Could someone please correct my work.
A fishing magazine collected data and printed the following results:
If there is rain then the probability of catching a fish at Lake Blue is 80%, but if it doesn't rain then the probability of catching a fish at Lake Blue is 17%. The forecast for today is 68% chance of rain.
A) Draw a tree diagram
(sorry if it looks confusing)
Percent = 100%
80%
R / / 17% R
/----------
| . \ 83 R (not)
|
| . 68% R
\ . /
\ ----------
R (not rain) . \
20% . 32% R(not)
b) What is the probability that it rained today and a fish was caught?
P(RR) = 0.20 x 0.68 = 0.136
c) What is the probability of catching a fish today?
P(R not R|R) = 0.20 x 0.68 = 0.136
d) IIf a person caught a fish, what is the probability that there was rain?
I don't get this question*
Thanks
R is 20%, not rain 32% and R = 68%
To correct your work:
A) The tree diagram you drew is mostly correct.

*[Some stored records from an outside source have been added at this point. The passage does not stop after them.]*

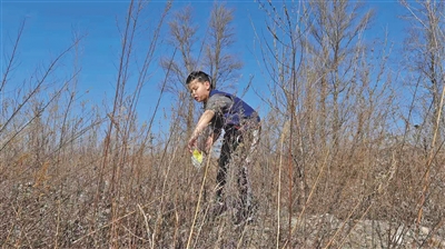 2月4日,李嘉均在爸爸陪同下去潮白河捡拾垃圾。 受访者供图
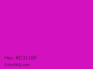 Hex #d311bf Color is a normal magenta color and the nearest color is Deep Magenta #cc00cc. Hex code #d311bf and RGB value is rgb(211,17,191). In RGB color space, this color is composed of 83% red, 7% green, 75% blue, In CMYK color space, this color is composed of 0% cyan, 92% magenta, 9% yellow , 17% black , In HSL color space, this color has a hue angle of 306° , 85% saturation and 45% lightness.
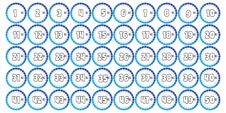 icon set weather forecast. Flat, blue, red 1 TO 50 , degrees Celsius, clock and weather forecast. Vector icon 1
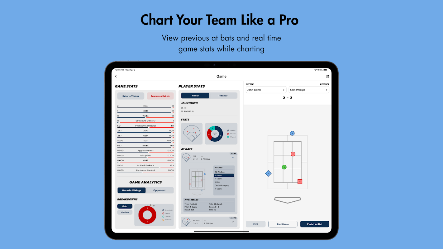 تخلص من أوراق الرسوم البيانية الخاصة بالرامي والضارب واستمتع بتجربة تحليلات المستوى الاحترافي من خلال تطبيق Baseball وSoftball Charting.
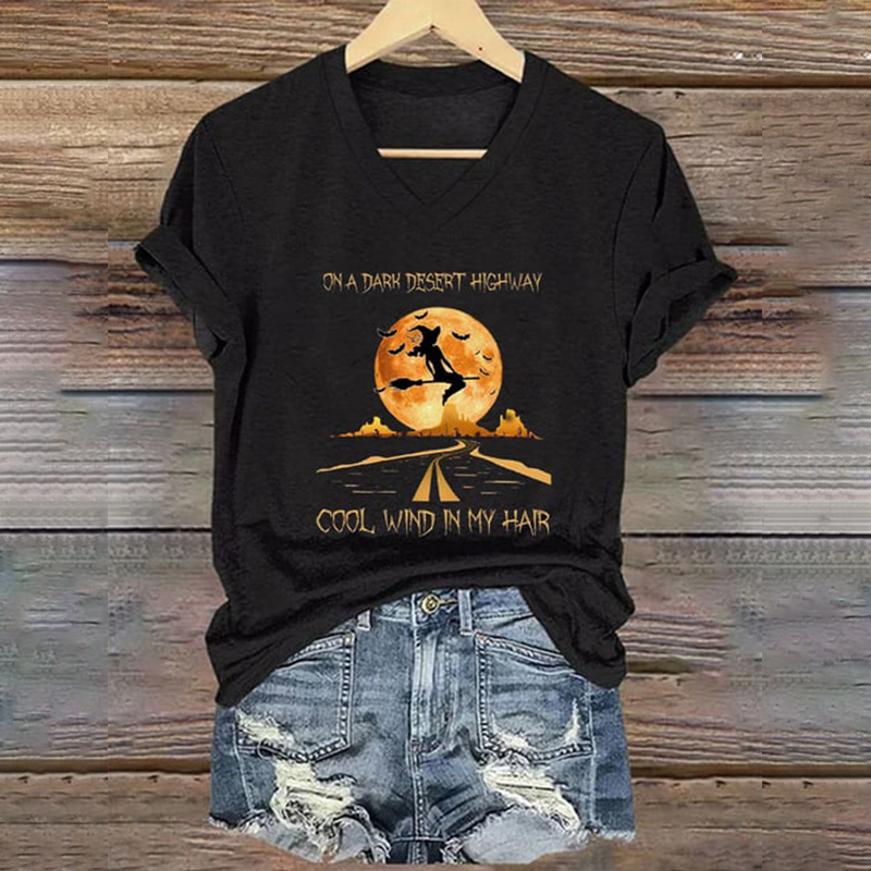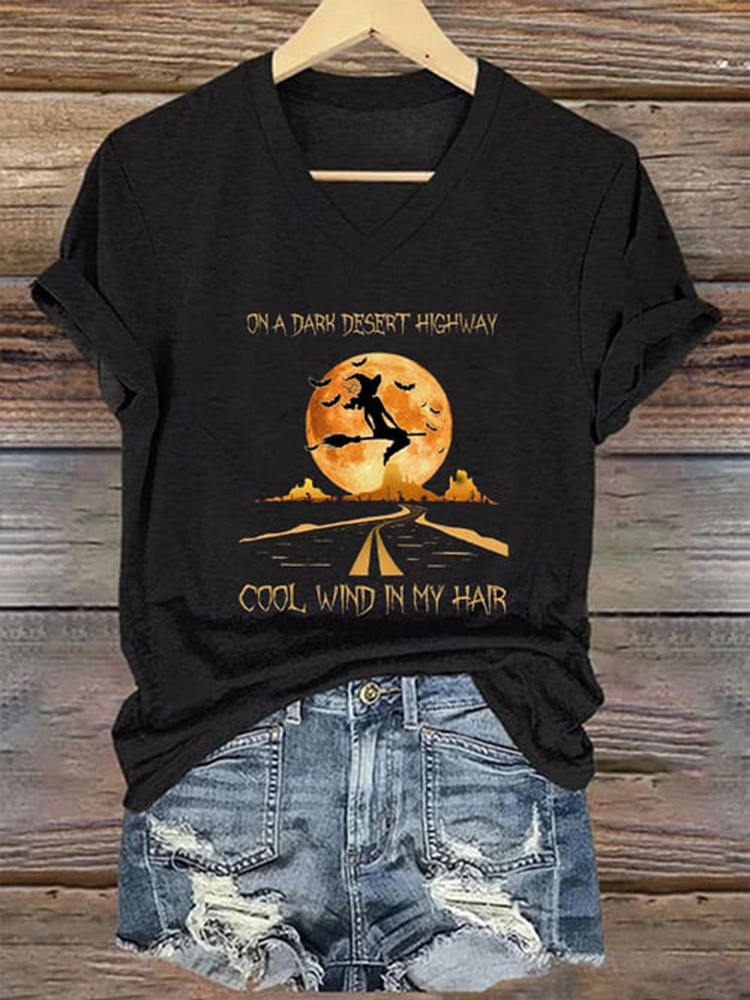 Women's Halloween On A Dark Desert Highway Cold Wind In My Hair Printed Casual Tee

However, there is one small mistake in the branch probabilities for catching a fish at Lake Blue. In the branch where it doesn't rain (R (not)), the probability should be 83% (not 83 R). The corrected tree diagram looks like this:
```
100%
__________|__________
| |
80% 17%
(R) (not R)
| |
_______|_______ _______|_______
| | | |
68% 32% 68% 32%
(R) (not R) (R) (not R)
| | | |
20% 80% 17% 83%
(Caught) (Not Caught) (Caught) (Not Caught)
```
b) The probability that it rained today and a fish was caught is the product of the probabilities along the branch: P(RR) = 0.20 (probability of rain) x 0.68 (probability of catching a fish given rain) = 0.136 or 13.6%.
c) The probability of catching a fish today is the sum of the probabilities of catching a fish given rain and catching a fish given no rain:
P(Caught) = P(R) x P(Caught | R) + P(not R) x P(Caught | not R)
= 0.20 (probability of rain) x 0.68 (probability of catching a fish given rain) + 0.80 (probability of no rain) x 0.17 (probability of catching a fish given no rain)
= 0.136 + 0.136
= 0.272 or 27.2%.
d) The question asks for the probability that there was rain given that a person caught a fish. This can be calculated using Bayes' Theorem:
P(Rain | Caught) = P(Caught | Rain) x P(Rain) / P(Caught)
= 0.68 (probability of catching a fish given rain) x 0.20 (probability of rain) / 0.272 (probability of catching a fish)
= 0.125 or 12.5%.
So, if a person caught a fish, there is a 12.5% chance that there was rain.